- Recorded data:
-----

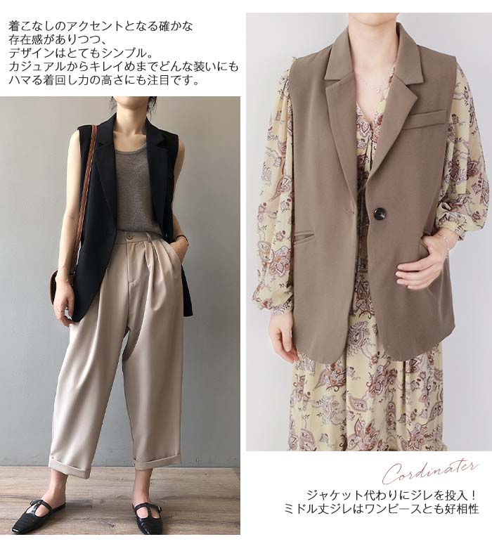 ジレ レディース ロング 春夏 フォー
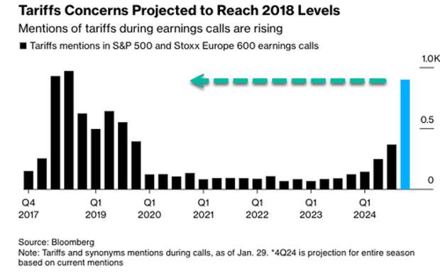 Suppose Trump's tariffs on Canada or Mexico take effect on Saturday. In that case, a sharp increase in tariff and all other trade mentions during future earnings calls between analysts and management teams is expected.
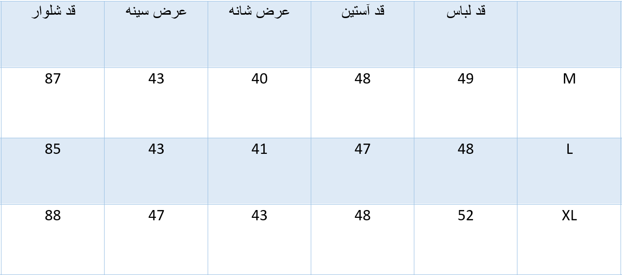 به جدول سایزبندی در عکسهای پایین صفحه توجه کنید.

-----

Write out the whole listing verbatim, images excluded.

 ジレ レディース ロング 春夏 フォー
 Suppose Trump's tariffs on Canada or Mexico take effect on Saturday. In that case, a sharp increase in tariff and all other trade mentions during future earnings calls between analysts and management teams is expected.
 به جدول سایزبندی در عکسهای پایین صفحه توجه کنید.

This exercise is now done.